Danny, dürtüselliği yenmek için bencilliğine güvendiklerini söylüyor. Umudumuz, herhangi bir şeyden zevk almak istiyorsa davranışının uygun olması gerektiğine dair zihinsel bir anlayış geliştirmesidir. Erken teşhisi nedeniyle, Samantha'nın genç, gelişen beyninin ahlaki ve etik ilkeleri besleyebileceğini umuyorlar. Ve Jen ve Danny gibi ebeveynler ona bu konuda yardımcı olacak - araştırmacılar, sıcak bir aile ortamının ve sorumlu ebeveynlerin, kalpsiz bir çocuğun yaşlandıkça daha az kayıtsız olmasına yardımcı olabileceğine inanıyor.

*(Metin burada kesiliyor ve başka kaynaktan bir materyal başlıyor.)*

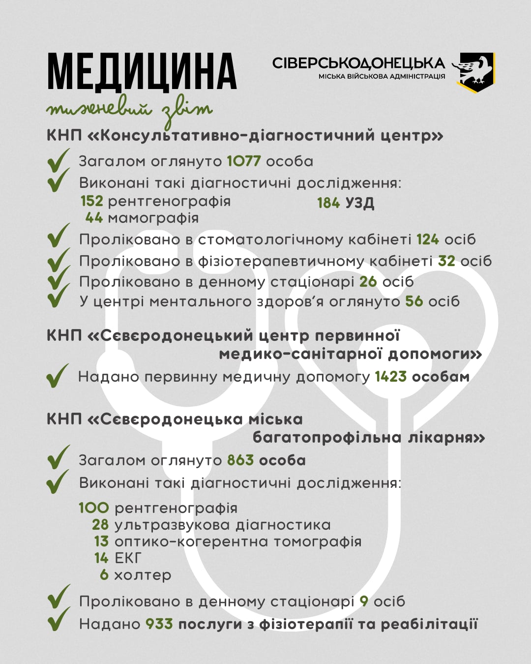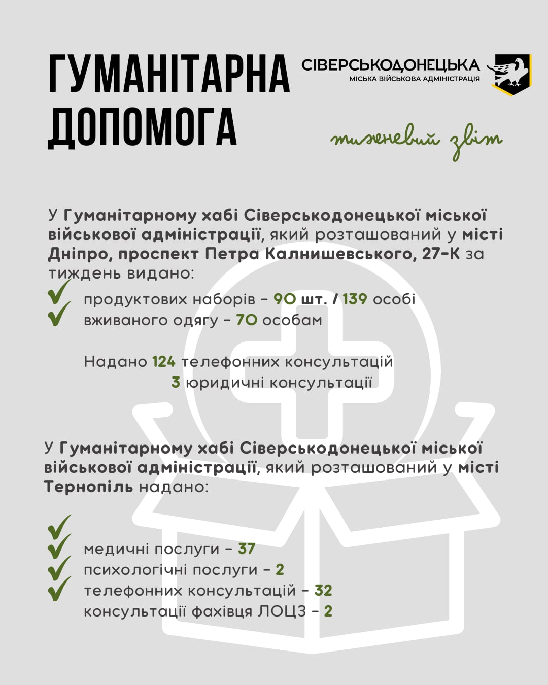 Інформуємо про проведену роботу та проведені заходи за минулий тиждень

Öte yandan, New York'lu bir psikiyatristin onlara söylediği gibi, semptomlarının çok erken ve çok kötü bir şekilde ortaya çıkması, kalpsizliğinin içinde çok derinlere kök saldığını ve ondan kurtulacak çok az şey olduğunu gösterebilir.

Samantha'nın ebeveynleri, onu evlat edinmeselerdi ne olacağını düşünmemeye çalışırlar. Samantha bile onlara pişman olup olmadıklarını sordu. Jen, “Onu isteyip istemediğimizi sordu” diye hatırlıyor. “Bunun gerçek cevabı şuydu: bizden ne kadar talepte bulunacağını bilmiyorduk. Hiçbir fikrimiz yoktu. Onu şimdi evlat edinmemiz gerekseydi biz de aynısını yapar mıydık bilmiyoruz. Ama ona her zaman bizim olduğunu söyledik."

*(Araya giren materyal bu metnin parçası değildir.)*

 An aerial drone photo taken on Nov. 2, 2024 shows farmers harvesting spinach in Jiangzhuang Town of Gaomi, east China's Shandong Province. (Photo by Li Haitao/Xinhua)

Jen ve Danny, bu yaz Samantha'yı eve getirmeyi planlıyor - aileyi biraz endişelendiren planlar. Samantha'nın yatak odası kapısına alarm takmak gibi çeşitli önleyici tedbirler aldılar. Daha büyük çocuklar ondan daha büyük ve daha güçlüdür, ancak aile yine de 5 ve 7 yaşındaki çocuklara bakmak zorunda kalacaktır. Yine de, San Marcos'ta büyük ilerleme kaydettiği için Samantha'nın geri dönmeye hazır olduğuna inanıyorlar. Onu eve getirmek, bir şans daha vermek istiyorlar.

Ama 11 yaşındaki Samantha evde normal hayata dönebilse bile, gelecek ona ne gösterecek? Jen kendi kendine, "Böyle bir çocuğun ehliyet sahibi olmasını ister miyim?" diye soruyor. Randevulara gidecek mi? Üniversiteye gidecek kadar zeki ama karmaşık bir sosyal topluma tehdit oluşturmadan girebilir mi? Bırakın aşık olmayı ve evlenmeyi, kalıcı bir romantik ilişki kurabilecek mi?

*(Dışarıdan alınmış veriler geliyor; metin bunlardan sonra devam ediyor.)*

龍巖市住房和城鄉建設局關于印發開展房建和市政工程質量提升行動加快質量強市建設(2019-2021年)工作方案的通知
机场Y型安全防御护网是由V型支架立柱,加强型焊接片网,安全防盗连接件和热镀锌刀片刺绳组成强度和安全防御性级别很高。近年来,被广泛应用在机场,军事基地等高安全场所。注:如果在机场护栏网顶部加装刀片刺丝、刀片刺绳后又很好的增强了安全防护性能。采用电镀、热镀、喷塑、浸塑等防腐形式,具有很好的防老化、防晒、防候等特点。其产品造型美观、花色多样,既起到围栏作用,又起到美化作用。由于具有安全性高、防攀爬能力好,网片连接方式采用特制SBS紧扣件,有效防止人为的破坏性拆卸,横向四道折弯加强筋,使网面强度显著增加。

Jen ve Danny, Samantha için başarı kavramını yeniden tasarladılar - şimdi sadece hapse girmemesini istiyorlar.

Yine de Samantha'yı seviyorlar. Jen, “O bizim ve çocuklarımızı birlikte büyütmek istiyoruz” diyor. Samantha, tüm yaşamının neredeyse yarısı olan yaklaşık 5 yılını çeşitli tıbbi kurumlarda geçirdi. Onu sonsuza kadar kurumlarda tutamayacaklar. Er ya da geç dünyayla iletişim kurmayı öğrenmeli. Jen, “Umut olduğuna inanıyorum” diyor. “En zor kısım, ondan asla kurtulamayacak olman. Bu yüksek riskli ebeveynliktir. Kaybedersek de büyük kaybederiz."